Tuesday, April 12, 2011

If I had it to do over would I?

If I had it to do over would I do it again?

I read this question in one of my books yesterday.   I believe that it was meant in the context of "your whole life".  So if you could go back from today and get a "do-over" as my kids often call it, would you? and what would you change?

I've always been someone who I believe and have told others "I have no regrets".   It just seems silly to think of your life in a way where you would wish you could taken and changed parts.   We've all seen those movies where they get a wish, and they wish to change just one "moment", then from changing just that "moment" their whole live ends up changing. 

How precious is a moment?  According to these movie producers, pretty precious.   According to God, I think he'd have to agree. 

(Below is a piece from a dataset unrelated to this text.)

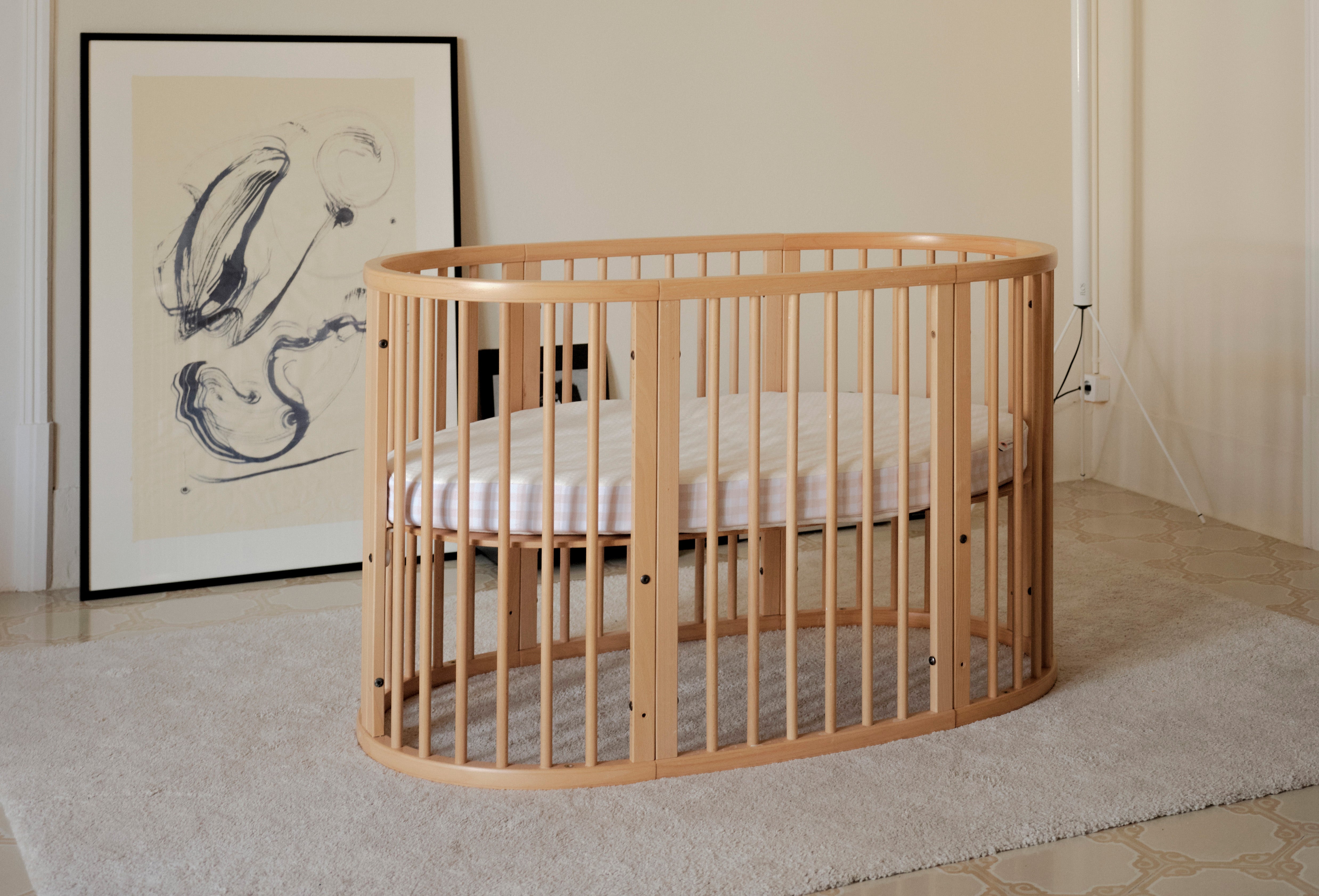 La cuna Stokke Sleepi es una de las más elegidas por los papás que buscan una opción evolutiva y de diseño para su bebé. Su característica forma ovalada la hace única, y acompaña al peque desde recién nacido hasta los primeros años.

People remember moments.  The first time you said I love you to your spouse.   The day you found out you were pregnant.   The day you hit that home-run and won the game for your team.  We all remember moments.  Unfortunately, we remember the bad ones too.....the time you didn't block the goal and lost the game for your team, the time the boy made fun of you on the school bus, or the time in P.E. where you had to pick teams and you were chosen last.  So which moments are more important, the good or the bad?   

I've had lots of good & bad moments I can remember so well I can remember what I was wearing, sometimes the song that was playing, what the other person was wearing, what kind of day it was, I remember moments distinctively.  I used to let the bad moments "haunt" me.   I would think of them all the time, and get that sick stomach feeling and think "why did I say that?" or "why did I do that?".   Oddly enough as much as I'd let them haunt me, it never ever occurred for me to ask God for a "do-over".   I have just always believed things happened for a reason, and I guess even as a child before I understood this concept, I still understood it in a childlike way that our life is what we make of it.  (I think I may of heard that from my mom a few times).  ;)

So my answer to the question is Yes.   Yes, I would do every single bit of it over, even though it means spending times I'd rather not..........laying on the bathroom floor crying so hard I would throw up over my divorce, or when I broke up with my first boyfriend and I thought the world would just stop for me right there.   Even the day the boys walking behind me on our way home after getting off the school bus lifted up my skirt, and then ran away (I was humiliated!).   Even the moments that I'm going through now that are not the best at times......I wouldn't change it.   I can change the future, but the past is what makes me who I am, and that it what I focus on.  All those bad and good things that happened to me helped shape me to where I am now, and I like me.  Jamie Lee Curtis has a book called "I'm gonna like me...." obviously its a children's book, but I read it to my boys often.   It talks about self-esteem and how at the end of moments like being chosen last, or doing the right thing vs. going with the crowd, or doing something nice, that is what makes you "like me" and others like you too!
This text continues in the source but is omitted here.